General Oscar Griswold continued to push elements of the XIV Corps south from Santo Tomas University toward the Pasig River. Late on the afternoon on 4 February, he ordered the 2nd Squadron, 5th Cavalry Regiment, to seize Quezon Bridge, the only crossing over the Pasig that the Japanese had not destroyed. As the squadron approached the bridge, Japanese heavy machine guns opened fire from a formidable roadblock thrown up across Quezon Boulevard, forcing the cavalry to stop its advance and withdraw until nightfall. As the Americans and Filipinos pulled back, the Japanese blew up the bridge.

On 5 February, the 37th Infantry Division began to move into Manila, and Griswold divided the northern section of the city into two sectors, with the 37th responsible for advancing to the south, and the 1st Cavalry Division responsible for an envelopment to the east. The Americans secured the northern bank of the Pasig River by 6 February, and had captured the city's water supply at the Novaliches Dam, Balara Water Filters, and the San Juan Reservoir.

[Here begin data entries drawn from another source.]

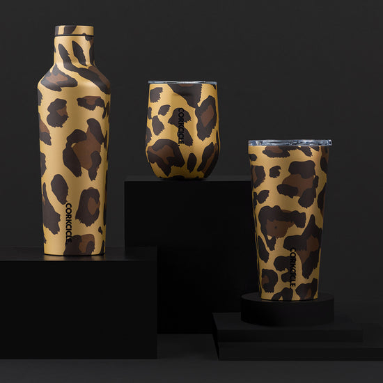 Luxurious animal prints merge with Corkcicle high-design, insulated Canteens and Tumblers.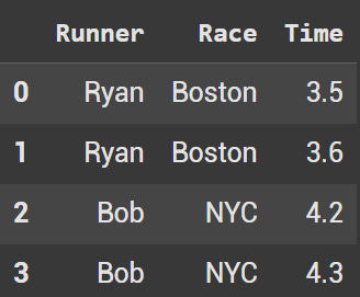 'Runner': ['Ryan', 'Ryan', 'Bob', 'Bob'],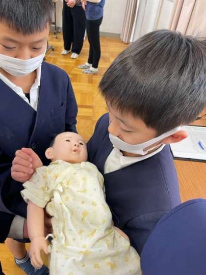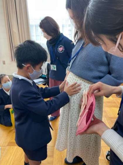 妊婦さんのおなかを触らせてもらったり、赤ちゃんの人形を抱っこしたりしました。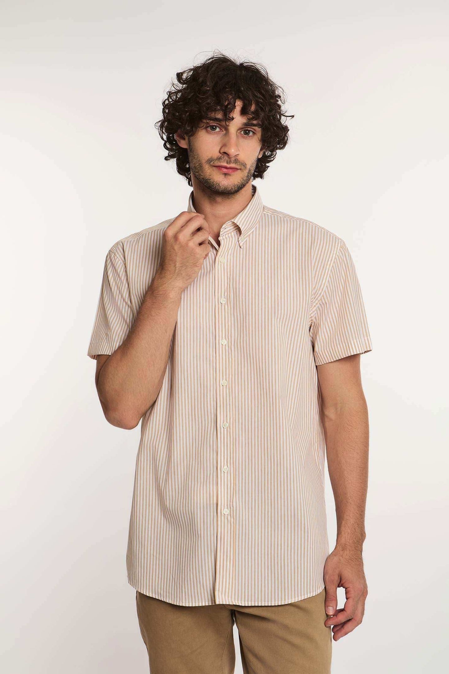 Men Regular Fit Shirt - Sand: Crafted from 100% Cotton, this piece combines quality and style. From Dalydress, it's perfect for any occasion and a timeless wardrobe addition.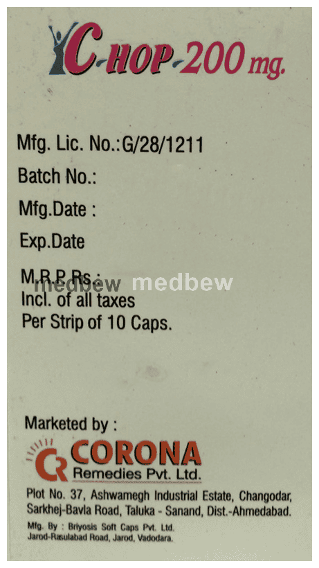 Take this medicine in the dose and duration as advised by your doctor. Swallow it as a whole. Do not chew, crush or break it. C-Hop 200mg Soft Gelatin Capsule is to be taken with food.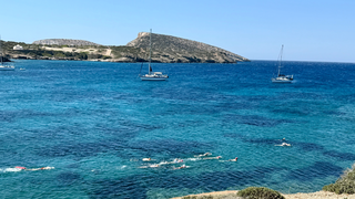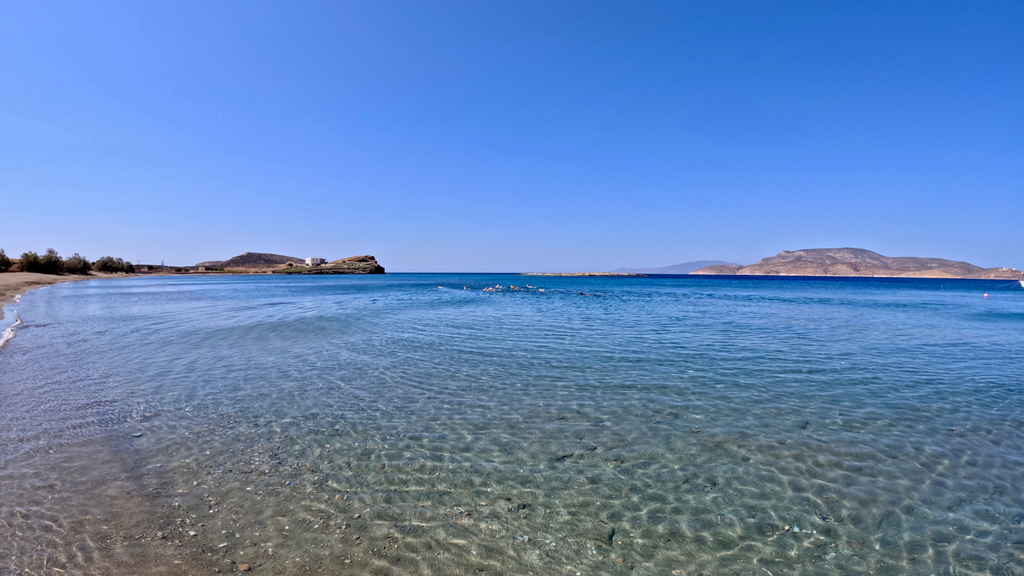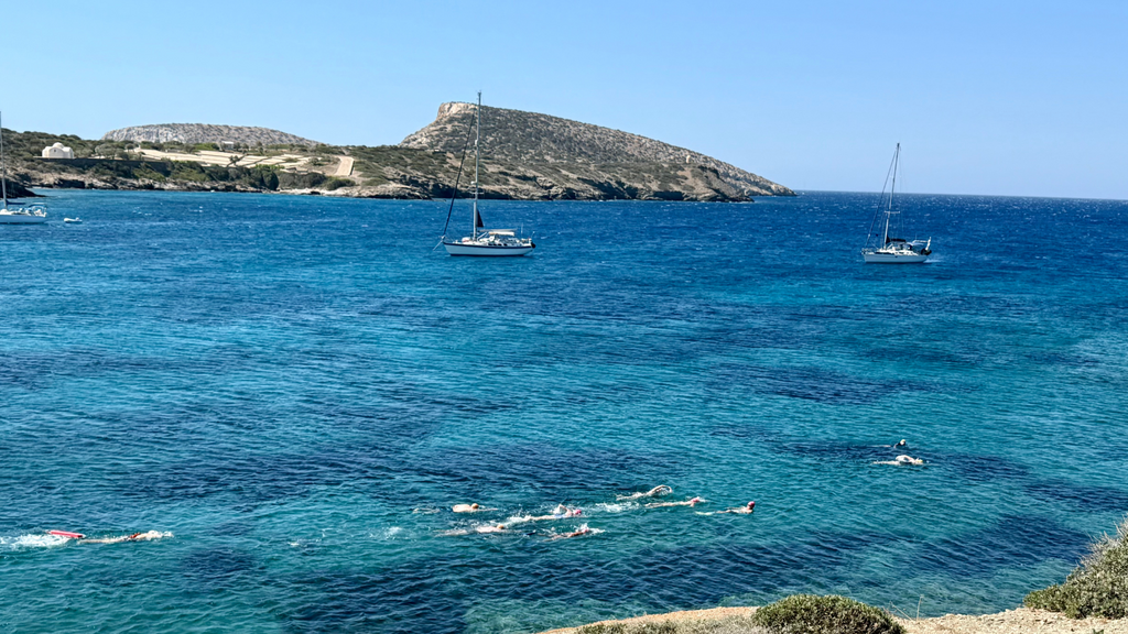 On clear days, spot the majestic peak of Mount Zeus on Naxos rising above the horizon as you swim.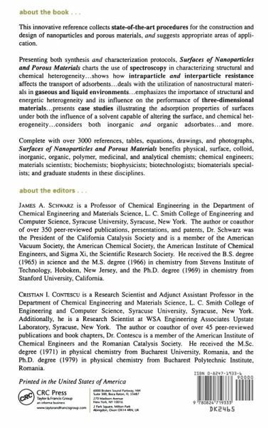 This innovative reference collects state-of-the-art procedures for the construction and design of nanoparticles and porous material while suggesting appropriate areas of application. Presenting both synthesis and characterization protocols, Surfaces of Nanoparticles and Porous Materials contains over 3000 references, tables, equations, drawings, and photographs. It examines the thermodynamics and kinetics of adsorption involving organic and inorganic liquids, solids, and gaseous media.. Topics include characterization, transport processes, diffusion, and the adsorption of heavy metals, ions, proteins, and pharmaceutical organics.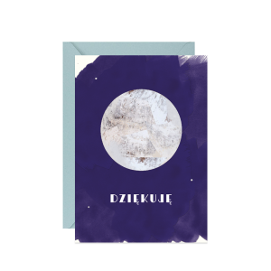 Księżycowa kartka z podziękowaniem z reprodukcją ręcznie malowanej akwareli - księżycem i napisem Dziękuję. Zaprojektowana i wydrukowana w Polsce, na papierze z recyklingu.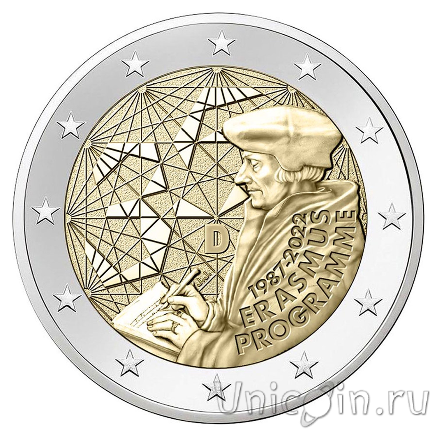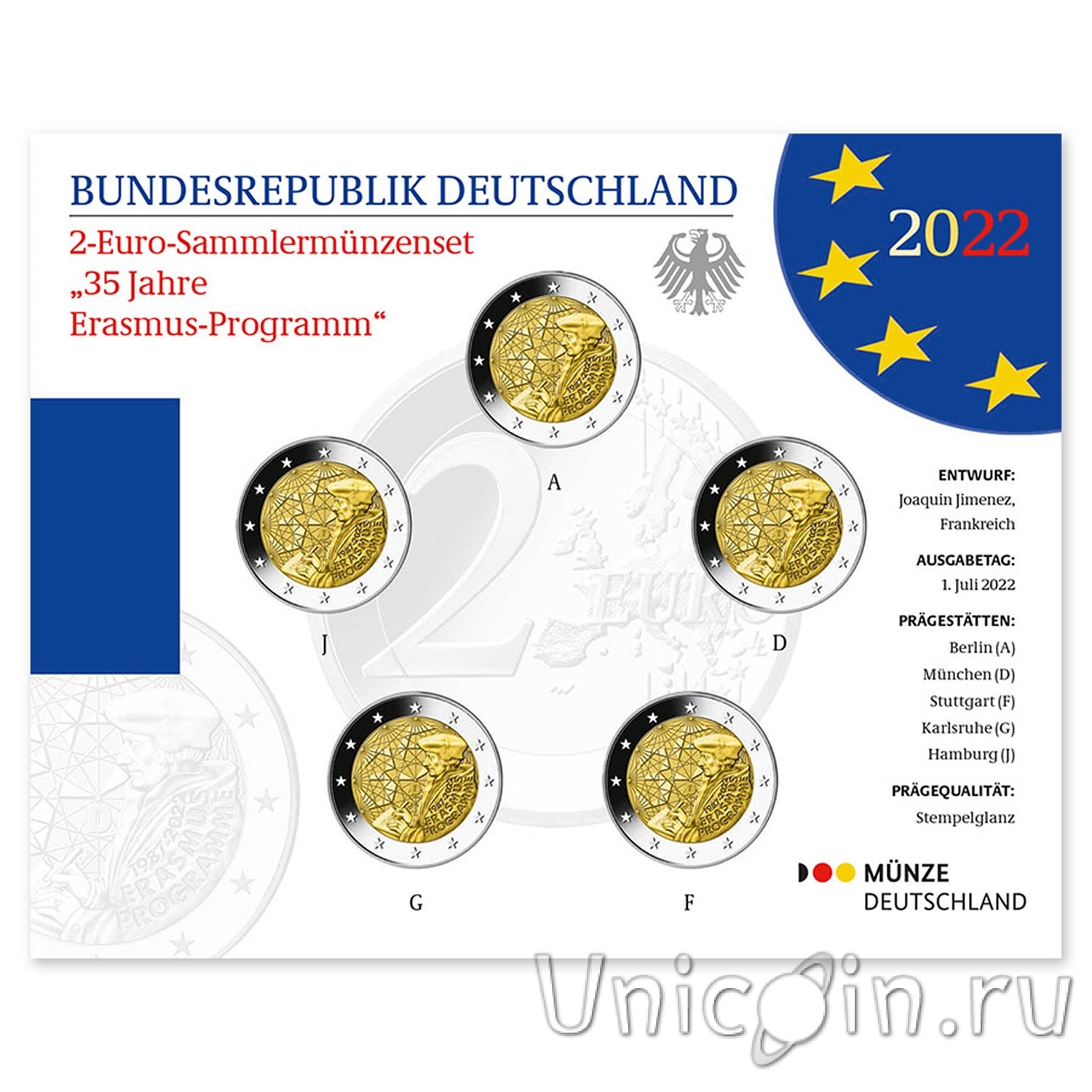 Германия 2 евро 2022 35 лет программе Эразмус (все пять монетных дворов, в буклете)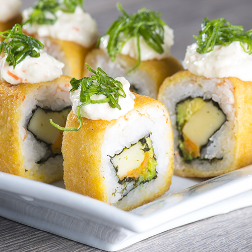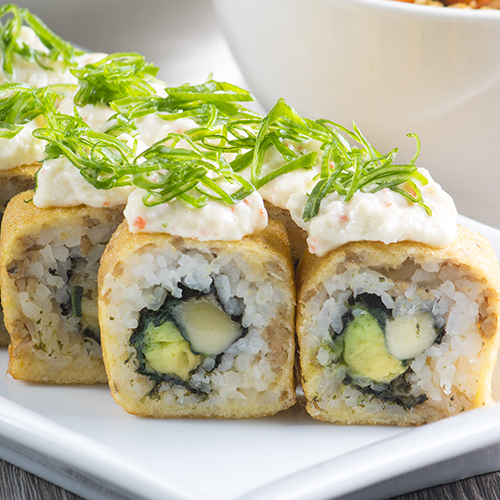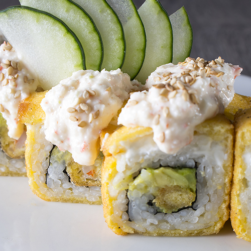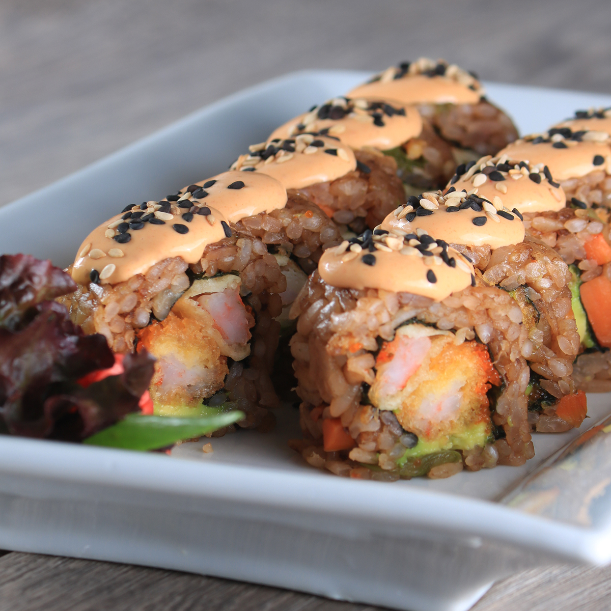 Arroz de yakimeshi, camarón capeado, camarón empanizado, masago, aguacate, salsa chipotle con mayonesa
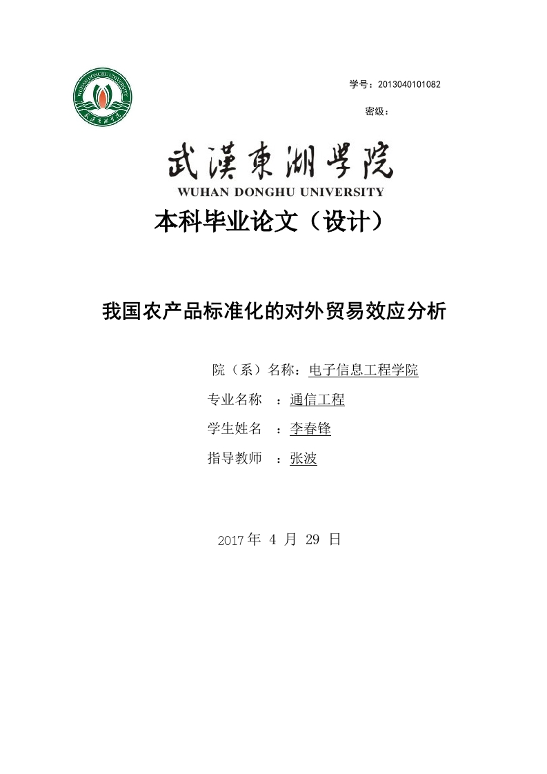 学号:2013040101082密级:WUHAN DONGHU UNIVERSITY本科毕业论文(设计)我国农产品标准化的对外贸易效应分析院(系)名称:电子信息工程学院专业名称:通信工程学生姓名:李春锋指导教师:张波2017年4月29日郑重声明本人郑重声明:所呈交的论文是本人在导师的指导下独立进行研究所取得的研究成果。除了文中特别加以标注引用的内容外,本论文不包含任何其他个人或集体己经发表或撰写的成果作品。对本文的研究做出重要贡献的个人和集体,均已在文中以明确方式标明。本人完全意识到本声明的法律后果由本人承担。论文作者签名:李春锋日期:2017年4月29日基于MATLAB的通信原理实验平台设计摘要基于原始虚拟实验平台,本文对JMatLink Java和MATLAB数字通信虚拟实验平台进行了设计和分析,虚拟平台的目标是为了解决教学当中出现的问题,促进软件开发成本的下降,促进教学目标得到实现,而且实验平台包括了服务器以及客户端,促进计算机性能的提升,而且使用的XL技术保存组件,MATLAB作为背景,对计算机的仿真能力进行分析,客户端使用的Java Applet这种程序,可以通过组件技术对设备组件进行分析,平台的独立性比较好,而且软件也同样具有可扩展性,实验的结果可以进行动态显示,以平台为基础提出了PCM实验,分析了平台组件开发的过程以及操作机制,通过这个举例,积极的发挥了平台的可行性以及可操作性,实用价值比较高。关键词:虚拟试验平台;MATLAB:JMatLink;Java Bean组件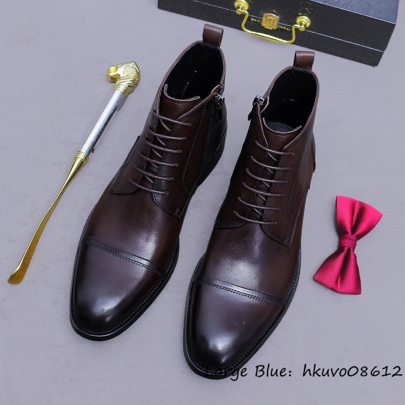 入手困難■ショートブーツ メンズ 高級牛革 レザーブーツ マーティンブーツ 本革 職人手作り オックスフォード フォーマル ブラウン 27.5cm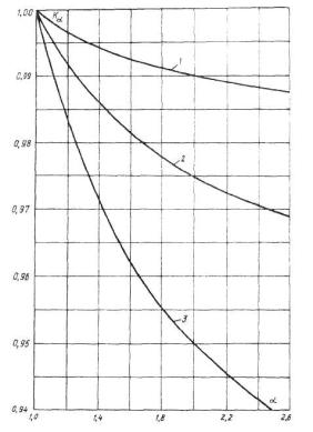 Рис. 1. Зависимость поправочного коэффициента Кα от коэффициента избытка воздуха α: 1 - твердые топлива; 2 - мазут; 3 - природные газы Проверку правильности проведенного газового анализа можно выполнить и по уравнению

On 7 February, Gen. Beightler ordered the 148th Regiment to cross the Pasig River and clear Paco and Pandacan. The bitterest fighting for Manila – which proved costliest to the 129th Regiment – was in capturing the steam-driven power plant on Provisor Island, where the Japanese held out until 11 February. By the afternoon of 8 February, 37th Division units had cleared most of the Japanese from their sector, but the residential districts were damaged extensively. The Japanese added to the destruction by demolishing buildings and military installations as they withdrew. Japanese resistance in Tondo and Malabon continued until 9 February.

Trying to protect the city and its civilians, MacArthur had stringently restricted U.S. artillery and air support. Yet, by 9 February, American shelling had set fire to a number of districts. "If the city were to be secured without the destruction of the 37th and the 1st Cavalry Divisions, no further effort could be made to save buildings, everything holding up progress would be pounded." Iwabuchi's sailors, marines, and Army reinforcements, having initially had some success resisting American infantrymen armed with flamethrowers, grenades and bazookas, soon faced direct fire from tanks, tank destroyers, and howitzers, which blasted holes in one building after another, often killing both Japanese and civilians trapped inside, without differentiation.

Subjected to incessant pounding and facing certain death or capture, the beleaguered Japanese troops took out their anger and frustration on the civilians caught in the crossfire, committing multiple acts of severe brutality, which later would be known as the Manila Massacre. Violent mutilations, rapes, and massacres of the populace accompanied the battle for control of the city. Massacres occurred in schools, hospitals and convents, including San Juan de Dios Hospital, Santa Rosa College, Santo Domingo Church, Manila Cathedral, Paco Church, St. Paul's Convent, and St. Vincent de Paul Church. Dr Antonio Gisbert told of the murder of his father and brother at the Palacio del Gobernador, saying, "I am one of those few survivors, not more than 50 in all out of more than 3,000 men herded into Fort Santiago and, two days later, massacred."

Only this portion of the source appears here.